In Friday’s decision, the appeals court in Philadelphia, by a 10-3 vote, said it was not prepared to recognize a new category of speech that is unprotected by the First Amendment.

Acts of cruelty to animals “warrant strong legal sanctions,” the appeals court said, but it ruled unconstitutional the effort to criminalize for-profit depictions of animal cruelty.

Congress passed the law in 1999 in hopes of stamping out the trade in animal-cruelty videos. Because the videos rarely showed persons who could be identified, state prosecutors often could not prove where the videos were made.
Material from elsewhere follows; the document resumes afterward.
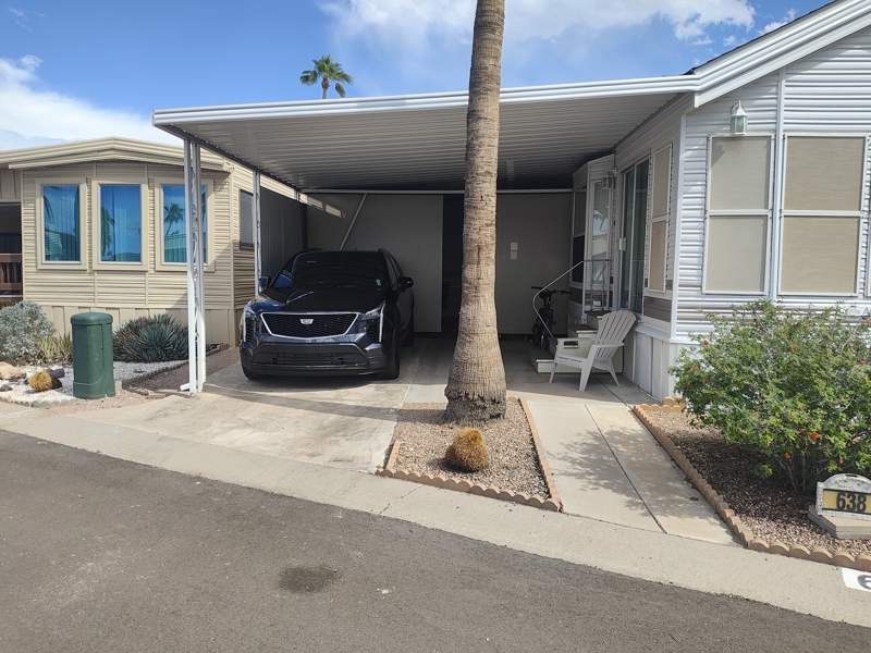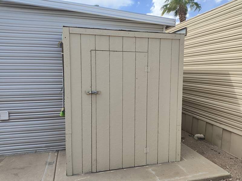 This charming 385 square foot Park Model home in the Rock Shadows community of Apache Junction, AZ, offers cozy living with 1 bedroom and 1 bathroom. Built in 1998 by Cavco, this well-maintained home features a spacious living room, dining area, master bedroom, and a fully-equipped kitchen with modern appliances. The Arizona room provides additional living space and offers a serene spot to relax and enjoy the beautiful desert surroundings. With a carport, shed, patio, aluminum siding, and a flat roof, this home offers both convenience and durability. Rock Shadows in Apache Junction, AZ, is a welcoming community for those seeking an active lifestyle in a picturesque setting. Residents can enjoy amenities such as a clubhouse, swimming pool, and organized activities and events. The community is conveniently located near shopping, dining, and outdoor recreation opportunities, making it a perfect choice for those looking to experience the beauty of the Arizona desert. With friendly neighbors and a peaceful atmosphere, Rock Shadows provides a comfortable and enjoyable living environment for residents to call home.

The law also was designed to stop so-called “crush videos.” According to a congressional report cited by the court, these were said to be “depictions of women inflicting torture (on animals) with their bare feet or while wearing high-heeled shoes. The cries and squeals of the animals, obviously in great pain, can also be heard in the videos.”

The law itself spoke broadly. It called for up to five years in prison for anyone who “creates, sells or possesses a depiction of animal cruelty” for the purpose of making money. This includes the showing of a “living animal” being “maimed, mutilated, tortured, wounded or killed.”

Usually, videos and photographs are protected as free speech, even if they show illegal or abhorrent conduct. But in 1982, the Supreme Court made an exception for child pornography. It ruled that sexual depictions of children could be prosecuted as a crime, despite the First Amendment. This was the only way to stamp out such abuse of children, the high court said.

Government lawyers said the animal-cruelty law should be upheld on the same basis. It was needed to stop the abuse of animals for profit, they said.

The appeals court disagreed, however. “Preventing cruelty to animals, although an exceedingly worthy goal, simply does not implicate interests of the same magnitude as protecting children from physical and psychological harm,” wrote Judge Brooks Smith of the 3rd U.S. Circuit Court of Appeals.

The three dissenters said the law should have been upheld so as to help in “protecting animals from wanton acts of cruelty.”

The Justice Department had no reaction Friday to the ruling. Normally, however, the government appeals to the Supreme Court when a federal law is struck down as unconstitutional.